Let the gimmick be whatever it is. Think of your own, if you need an example, something like printing vowels in different colors or providing new and tricky shapes for certain letters. These, of course, have been done, so you’ll have to stretch a bit; and, when you do come up with something that seems unspeakably zany, keep your mouth shut. If you mention it in public, it won't be long before someone offers to fund it. It's best to avoid offering the occasion for sin. But enough. Let's say we have a gimmick.

Now we experiment, being careful to use methods and controls that would make a first-year chemistry student blush and stating the problems and the expected results (those we call "outcomes") in the silliest possible jargon. Don't worry, we'll "prove" the efficacy of our gimmick (remember the new math?). As a result, or outcome, although we'd rather not use that word in the singular, more and more students in the public schools will read less and less.

Do not make the mistake of thinking that this means that our gimmick has failed. Pay attention. This means that the gimmick has succeeded. Remember, we have taken the role of dentists handing out lollipops to ensure that there will be no falling off of customers. Now that things are worse than ever, we view with alarm the "reading problem" in the schools. It's time for a new round of grants, projects, experimental proposals, expensive consultants, packets of materials, instruction booklets, sets of visual aids, more teachers, carpeted classrooms, air conditioning, just about anything you can imagine. It's all good for the education business, and if it seems to have been exaggerated, just you go footing around yourself and find anybody anywhere who proposes that we can teach reading (or anything else) better by spending less money.
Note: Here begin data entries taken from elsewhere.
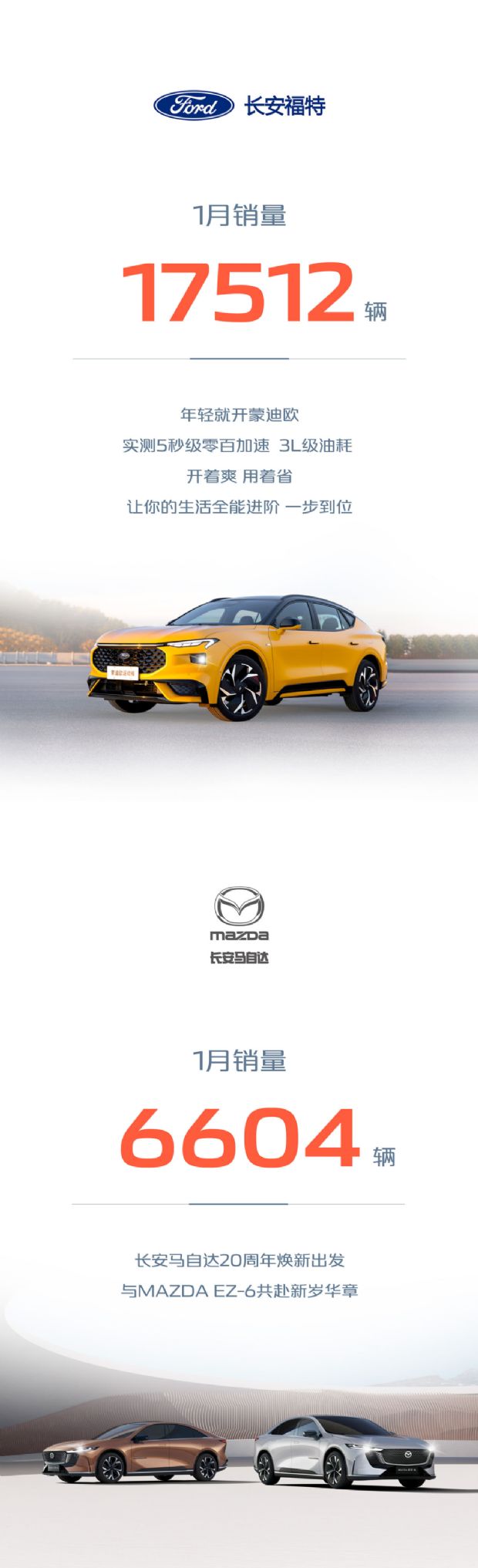 合资品牌方面,长安福特1月实现销量17,512辆;长安马自达销量6604辆。
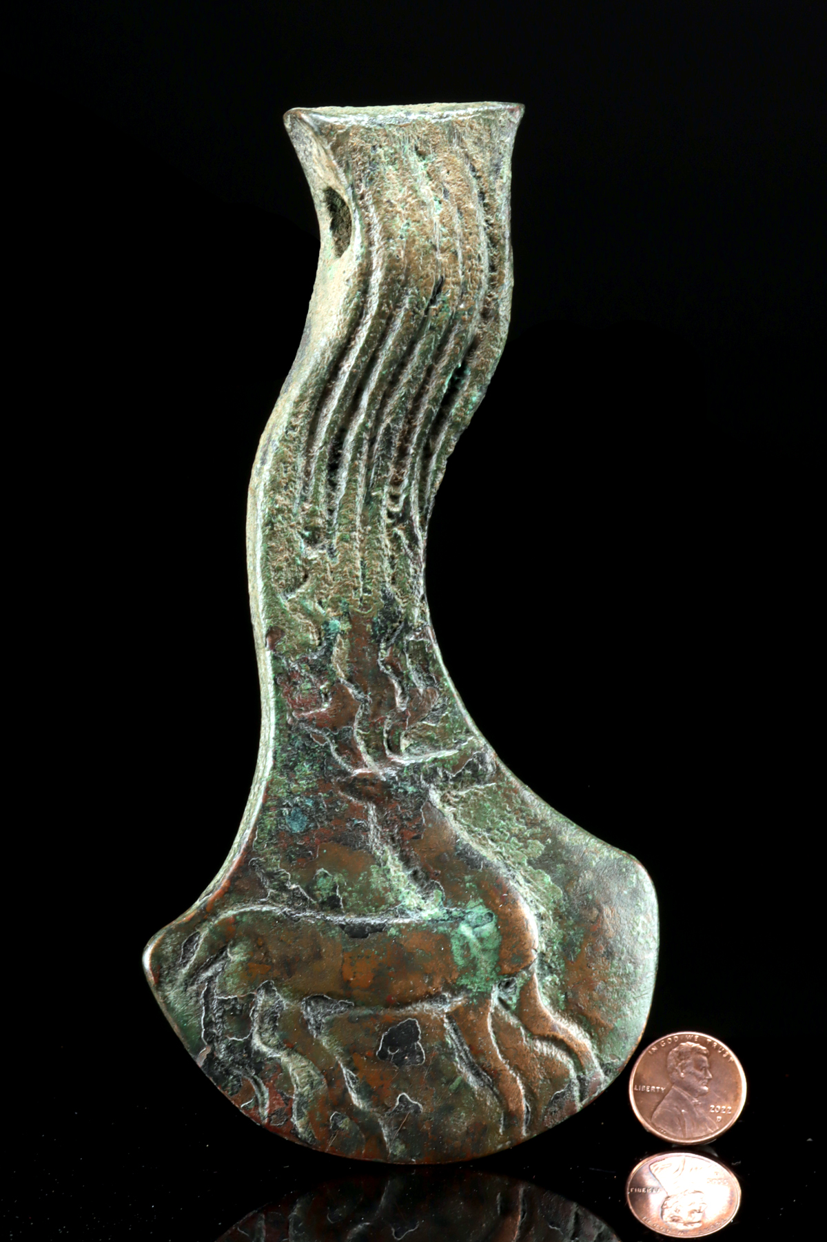 Lot 87, Auction 4/12/2026: Bronze Age Koban Culture Votive Axe w/ Stag Motifs
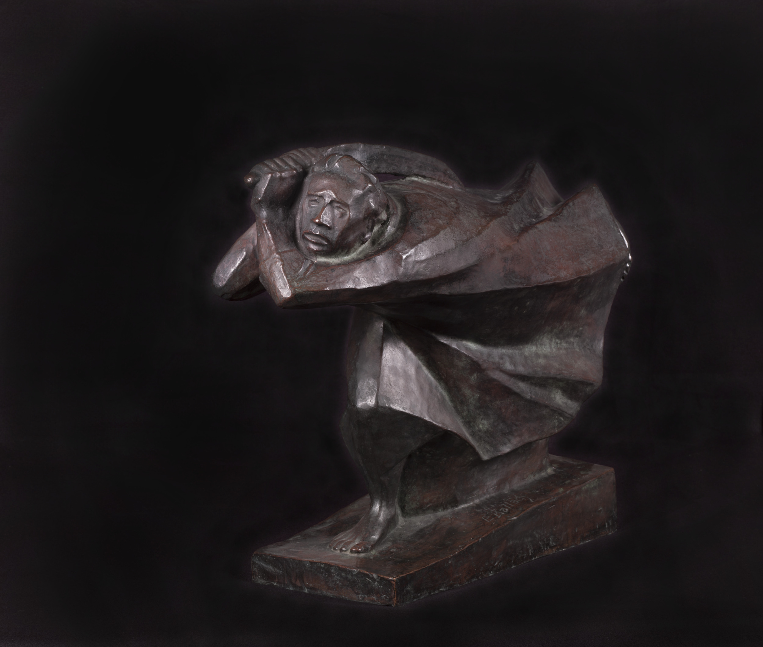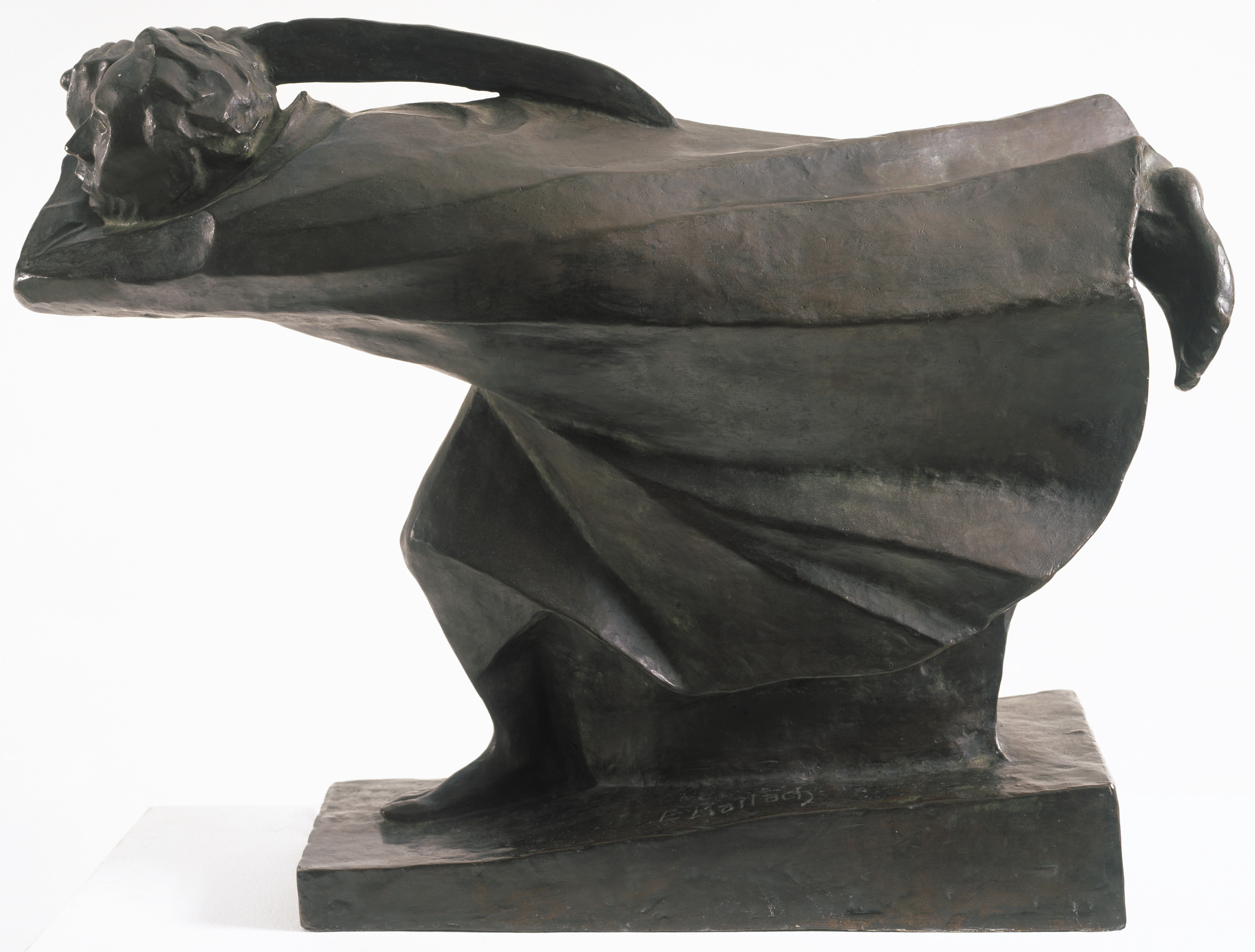 Ernst Barlach was aligned with the Expressionists, a group of artists working in Germany at the turn of the twentieth century who sought to convey emotional experiences in their work. The Avenger represents Barlach’s response to the outbreak of World War I in 1914. The force of the subject’s forward movement is emphasized through the sculpture’s horizontal orientation, its slanted base, and the way the figure’s cloak blows back in diagonal folds. He carries a weapon and raises it to strike with a gesture that is simultaneously heroic and tragic. However, his facial expression is ambiguous. This work represents not only the physical experience of war but also the psychological effects.

The problem is not only researchers doing silly studies with negative results. The real problem is that any zany reading-improvement scheme is likely to work initially. The teachers who pick up a new scheme are the most likely to be dedicated, caring teachers who want to find a way to make their students read better. The extra attention from the teacher is likely to improve the students reading skills. The student is likely to be aware that something unusual is going on and may try harder. At least, the student will benefit from a temporary increase in attention because something new, wierd, different is being tried.

This extends to other learning of course (math, writing, history or whatever) and beyond. Zany schemes arise frequently in software management to improve software quality or programmer productivity. After discussing "Extreme Programming. one day, Ekr suggested "Butthole Programming". A practitioner of Butthole Programming (BP) may only write code when one thumb is shoved up his butthole. BP improves code quality because with only one hand on the keyboard, the BP practitioner can't write as much code. As we know, more code means more bugs. Therefore, BP means less bugs.

I wish I could recall where I read recently that many productivity studies in many industries suffer from the problem that the productivity increase is often the result of the study being done, not the new technique. Workers who are in the midst of being studied while performing a new technique just tend to do better overall, unless the new technique is truly a bad idea.